Raw data:
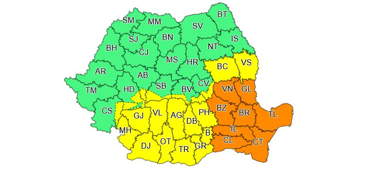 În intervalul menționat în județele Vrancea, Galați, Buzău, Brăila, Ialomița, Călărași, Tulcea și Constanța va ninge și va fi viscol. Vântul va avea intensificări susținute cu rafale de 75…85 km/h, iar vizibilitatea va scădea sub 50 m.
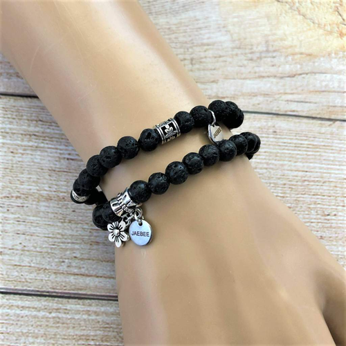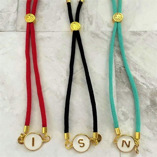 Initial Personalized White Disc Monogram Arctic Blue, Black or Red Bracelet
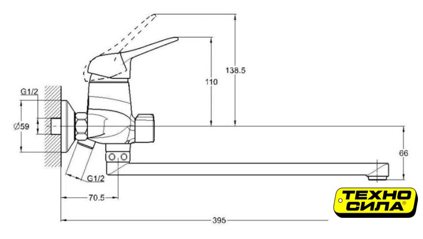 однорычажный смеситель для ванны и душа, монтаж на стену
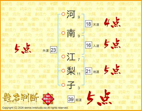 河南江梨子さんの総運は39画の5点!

Exercise directions: Pictures are to be excluded; all other material must be transcribed exactly.

Expected output:
 În intervalul menționat în județele Vrancea, Galați, Buzău, Brăila, Ialomița, Călărași, Tulcea și Constanța va ninge și va fi viscol. Vântul va avea intensificări susținute cu rafale de 75…85 km/h, iar vizibilitatea va scădea sub 50 m.
 Initial Personalized White Disc Monogram Arctic Blue, Black or Red Bracelet
 однорычажный смеситель для ванны и душа, монтаж на стену
 河南江梨子さんの総運は39画の5点!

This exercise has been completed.